START SUPPLIED RECORDS

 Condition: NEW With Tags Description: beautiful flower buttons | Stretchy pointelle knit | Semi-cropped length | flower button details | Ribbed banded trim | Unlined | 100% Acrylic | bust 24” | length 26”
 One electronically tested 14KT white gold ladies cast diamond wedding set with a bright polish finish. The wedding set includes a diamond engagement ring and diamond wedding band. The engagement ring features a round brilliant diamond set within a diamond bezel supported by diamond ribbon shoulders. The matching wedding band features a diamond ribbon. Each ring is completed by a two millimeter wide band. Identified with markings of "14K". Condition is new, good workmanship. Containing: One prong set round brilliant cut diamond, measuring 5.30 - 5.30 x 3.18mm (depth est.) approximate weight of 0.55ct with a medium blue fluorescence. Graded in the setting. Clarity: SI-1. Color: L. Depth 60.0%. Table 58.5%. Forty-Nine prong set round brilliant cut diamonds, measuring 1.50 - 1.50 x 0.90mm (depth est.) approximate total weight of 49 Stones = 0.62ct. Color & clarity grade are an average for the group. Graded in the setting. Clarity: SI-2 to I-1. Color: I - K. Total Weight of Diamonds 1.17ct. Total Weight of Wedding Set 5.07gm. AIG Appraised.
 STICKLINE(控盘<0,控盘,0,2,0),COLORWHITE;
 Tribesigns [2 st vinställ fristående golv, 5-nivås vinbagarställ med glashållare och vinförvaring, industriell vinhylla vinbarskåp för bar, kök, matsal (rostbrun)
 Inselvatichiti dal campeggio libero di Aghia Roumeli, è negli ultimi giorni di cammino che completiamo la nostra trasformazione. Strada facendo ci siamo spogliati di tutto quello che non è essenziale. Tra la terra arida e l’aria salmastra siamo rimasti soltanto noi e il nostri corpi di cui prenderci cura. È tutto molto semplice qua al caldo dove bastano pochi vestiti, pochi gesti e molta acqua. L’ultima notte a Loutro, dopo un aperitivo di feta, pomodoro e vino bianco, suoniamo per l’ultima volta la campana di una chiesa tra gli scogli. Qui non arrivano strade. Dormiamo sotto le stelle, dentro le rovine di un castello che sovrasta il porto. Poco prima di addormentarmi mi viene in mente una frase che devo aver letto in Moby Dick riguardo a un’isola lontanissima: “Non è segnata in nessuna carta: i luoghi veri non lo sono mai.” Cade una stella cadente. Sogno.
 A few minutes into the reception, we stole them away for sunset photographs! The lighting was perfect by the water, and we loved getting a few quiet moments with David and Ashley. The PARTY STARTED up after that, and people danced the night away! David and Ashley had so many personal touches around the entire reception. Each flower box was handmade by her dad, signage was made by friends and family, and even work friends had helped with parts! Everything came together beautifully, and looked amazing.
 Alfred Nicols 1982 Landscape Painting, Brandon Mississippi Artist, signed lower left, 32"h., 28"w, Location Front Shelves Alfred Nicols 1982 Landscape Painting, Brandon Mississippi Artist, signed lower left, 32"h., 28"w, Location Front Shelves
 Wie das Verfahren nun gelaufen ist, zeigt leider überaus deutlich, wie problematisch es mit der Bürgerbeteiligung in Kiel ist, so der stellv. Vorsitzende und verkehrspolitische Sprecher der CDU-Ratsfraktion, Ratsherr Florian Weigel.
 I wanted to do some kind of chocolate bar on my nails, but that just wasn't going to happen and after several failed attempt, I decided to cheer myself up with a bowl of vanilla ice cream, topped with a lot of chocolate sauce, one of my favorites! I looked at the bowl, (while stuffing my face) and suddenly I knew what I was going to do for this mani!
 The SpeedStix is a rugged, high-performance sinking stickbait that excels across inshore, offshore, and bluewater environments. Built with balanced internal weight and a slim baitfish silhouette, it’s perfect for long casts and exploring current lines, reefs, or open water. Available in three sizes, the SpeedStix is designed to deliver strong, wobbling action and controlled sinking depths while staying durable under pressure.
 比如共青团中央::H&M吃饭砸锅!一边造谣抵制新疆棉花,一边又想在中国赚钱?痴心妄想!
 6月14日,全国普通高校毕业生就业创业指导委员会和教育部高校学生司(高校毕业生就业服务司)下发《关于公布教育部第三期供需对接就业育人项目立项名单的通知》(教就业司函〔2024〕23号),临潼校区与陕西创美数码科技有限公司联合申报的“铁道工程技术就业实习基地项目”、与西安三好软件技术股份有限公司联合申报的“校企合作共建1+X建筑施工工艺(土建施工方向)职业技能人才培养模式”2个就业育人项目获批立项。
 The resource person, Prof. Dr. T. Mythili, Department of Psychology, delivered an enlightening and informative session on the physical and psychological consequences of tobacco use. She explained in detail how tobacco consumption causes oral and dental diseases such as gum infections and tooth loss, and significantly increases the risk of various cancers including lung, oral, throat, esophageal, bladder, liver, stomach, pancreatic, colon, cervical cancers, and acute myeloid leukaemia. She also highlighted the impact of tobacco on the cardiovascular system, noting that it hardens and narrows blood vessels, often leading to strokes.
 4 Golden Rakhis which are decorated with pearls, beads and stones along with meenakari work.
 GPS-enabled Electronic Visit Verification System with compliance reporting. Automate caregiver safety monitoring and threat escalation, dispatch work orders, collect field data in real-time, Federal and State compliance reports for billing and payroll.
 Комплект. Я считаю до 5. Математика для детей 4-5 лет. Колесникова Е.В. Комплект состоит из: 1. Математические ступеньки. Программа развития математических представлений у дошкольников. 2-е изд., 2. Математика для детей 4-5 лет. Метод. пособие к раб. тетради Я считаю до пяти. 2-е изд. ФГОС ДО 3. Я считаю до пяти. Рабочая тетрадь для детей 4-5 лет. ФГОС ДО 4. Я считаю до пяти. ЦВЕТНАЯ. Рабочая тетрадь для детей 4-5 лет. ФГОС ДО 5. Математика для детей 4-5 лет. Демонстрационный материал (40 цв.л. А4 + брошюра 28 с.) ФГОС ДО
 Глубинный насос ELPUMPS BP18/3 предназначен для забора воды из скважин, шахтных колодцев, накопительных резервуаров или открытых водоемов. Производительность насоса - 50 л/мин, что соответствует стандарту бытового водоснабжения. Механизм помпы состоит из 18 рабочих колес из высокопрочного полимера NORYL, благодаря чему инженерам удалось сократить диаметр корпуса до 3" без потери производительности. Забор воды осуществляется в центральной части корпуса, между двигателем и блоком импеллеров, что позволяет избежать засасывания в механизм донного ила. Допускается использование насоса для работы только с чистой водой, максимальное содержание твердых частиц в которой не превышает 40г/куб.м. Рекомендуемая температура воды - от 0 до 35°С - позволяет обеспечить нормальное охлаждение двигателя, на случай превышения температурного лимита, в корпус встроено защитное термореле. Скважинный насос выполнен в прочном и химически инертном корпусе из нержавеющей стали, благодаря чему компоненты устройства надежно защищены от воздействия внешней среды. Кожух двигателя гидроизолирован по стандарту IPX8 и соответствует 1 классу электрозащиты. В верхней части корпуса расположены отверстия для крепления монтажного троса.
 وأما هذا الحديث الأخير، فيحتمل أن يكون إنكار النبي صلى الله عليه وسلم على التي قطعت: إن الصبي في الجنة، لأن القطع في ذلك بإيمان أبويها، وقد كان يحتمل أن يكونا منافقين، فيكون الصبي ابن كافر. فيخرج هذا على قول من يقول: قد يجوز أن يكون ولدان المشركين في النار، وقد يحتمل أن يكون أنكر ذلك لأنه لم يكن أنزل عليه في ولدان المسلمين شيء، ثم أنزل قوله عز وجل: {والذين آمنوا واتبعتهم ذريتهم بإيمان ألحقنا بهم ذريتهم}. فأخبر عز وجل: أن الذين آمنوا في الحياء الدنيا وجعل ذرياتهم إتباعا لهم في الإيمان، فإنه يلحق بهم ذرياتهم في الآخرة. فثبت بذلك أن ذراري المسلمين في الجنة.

END SUPPLIED RECORDS

### AIM OF THE TASK
What you give back must be the stretch above, starting at the line with "A few minutes" and ending at the line with "Wie das Verfahren", copied exactly.

### TASK RESULT
 A few minutes into the reception, we stole them away for sunset photographs! The lighting was perfect by the water, and we loved getting a few quiet moments with David and Ashley. The PARTY STARTED up after that, and people danced the night away! David and Ashley had so many personal touches around the entire reception. Each flower box was handmade by her dad, signage was made by friends and family, and even work friends had helped with parts! Everything came together beautifully, and looked amazing.
 Alfred Nicols 1982 Landscape Painting, Brandon Mississippi Artist, signed lower left, 32"h., 28"w, Location Front Shelves Alfred Nicols 1982 Landscape Painting, Brandon Mississippi Artist, signed lower left, 32"h., 28"w, Location Front Shelves
 Wie das Verfahren nun gelaufen ist, zeigt leider überaus deutlich, wie problematisch es mit der Bürgerbeteiligung in Kiel ist, so der stellv. Vorsitzende und verkehrspolitische Sprecher der CDU-Ratsfraktion, Ratsherr Florian Weigel.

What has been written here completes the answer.